And if you didn't, then maybe there's something complicated going on. But, but yeah, like, very cool that you got this going on so quick.
That's that's the whole goal. That's super exciting.
Yeah. And like, you know, no disclosure. This was like five minutes of just playing around. And like there's stuff to learn there, right? Like, okay, what happens with dog breeding? What are traits of these dogs? And then, you know,
you know, the next step for me would basically be,
let's try clamping some of these features up or down.
Let's do different breeds and see if it makes sense, right?
So if I have Husky traits and a different mix,
and then, you know, can I get out what's going on?
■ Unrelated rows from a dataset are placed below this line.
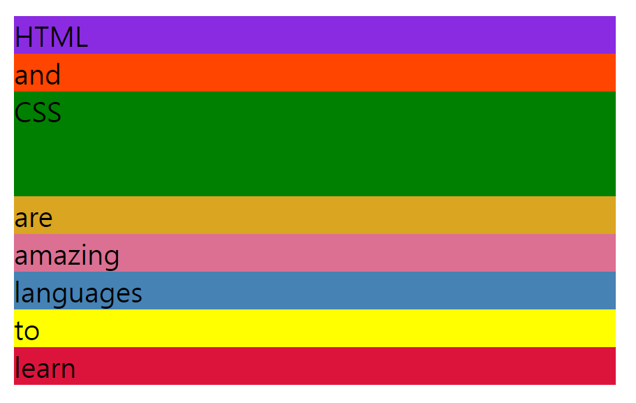 가로로 각 요소들은 텍스트 콘텐츠에 필요한 공간을 정확하게 차지한다. 그러나 세로는 가로와 다르다. 기본적으로 세로의 경우 모든 플렉스 항목의 높이는 가장 높은 요소의 높이가 된다.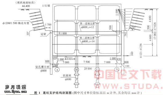 关键词:土钉墙;钻孔灌注桩;钢管支撑;围护结构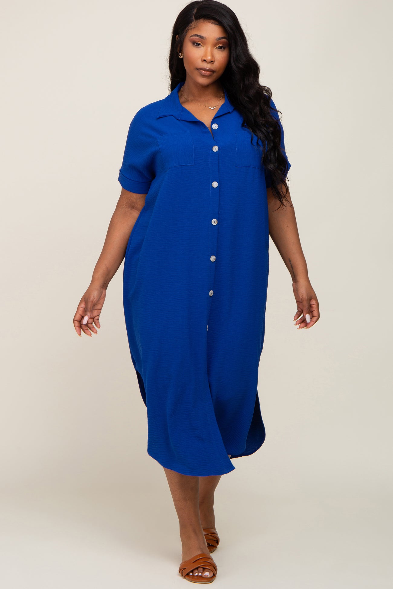 Royal Blue Button Down Hi Low Plus Maxi Dress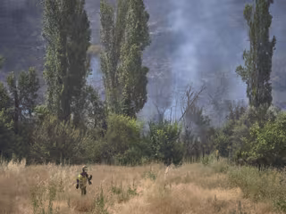 Un bombero participa en la extinción de un incendio en Ujué - Eduardo Sanz - Europa Press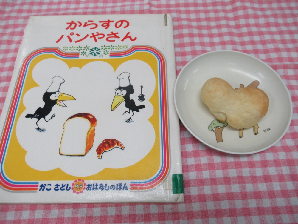 今日のおやつは、「からすのパンやさん」という絵本に出てくるパンを食べました☆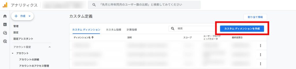 GTMでパラメータを送信したら、GA4の管理画面でカスタムディメンションを登録します。「管理」→「カスタム定義」→「カスタムディメンションを作成」と進み、イベントスコープを選択して名前・パラメータを入力します。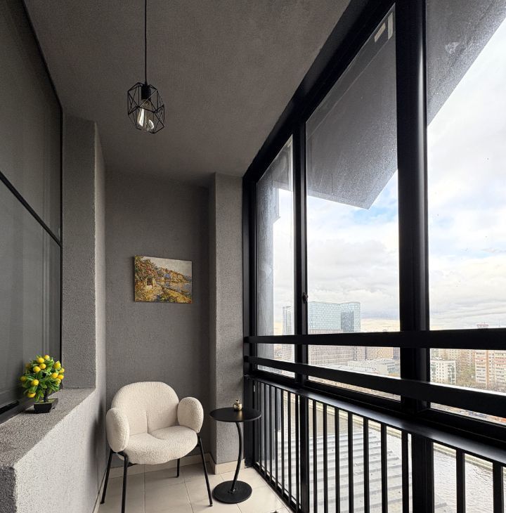 Лоджия с шикарным видом на Москва-Сити и Москва-реку.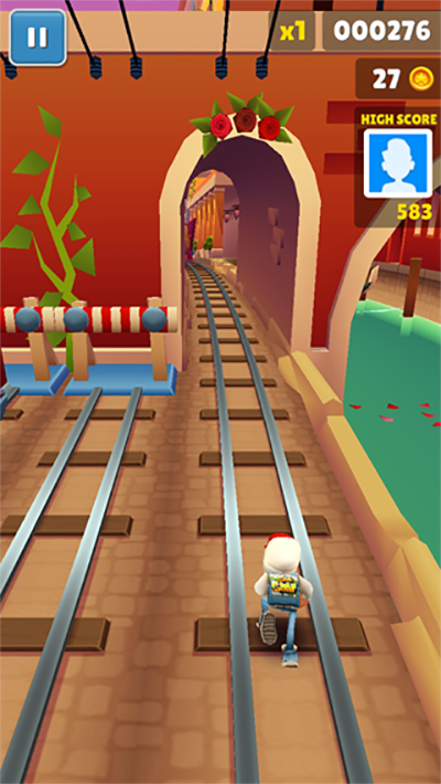 玩法上与原版类似,玩家扮演主角在地铁上涂鸦并躲避警察追捕,通过跳跃、翻滚等操作避开障碍,同时收集金币和其他道具来提高分数。游戏加入了好友互动、排行榜、公会等社交功能,增加了玩家之间的交流和互动。

But it also shows internally that there's more than just token completion of,
you know, this plus this equals this.
No, it has some understanding of characteristics, right?
Like this is a pretty stubborn dog.
It has a stubborn feature pretty high up that activates.
So very, very cool stuff.
I think it'll be cool when we apply this to more, like, serious topics.
Like, right now, when it comes to LM evals, right?
We have, like, we have pretty straightforward evals, right?
Like, how good does it do on math?
Can it write code?
Does stuff compile?
But we don't have, like, vibes-based heuristic evals, right?
So, like, does it understand different queries should be concise?
Should they be verbose?
Can we kind of trace through how it gives responses to this stuff?
And then, like, the other part is, you know, as we go past base models, how does this
happen for different phases of models, right?
So if I have a base Jemma and I have a chat model, what are differences in their
attributions, right?
What happens kind of in that diff of training?
So that's kind of one of my little interests in Mechinturk.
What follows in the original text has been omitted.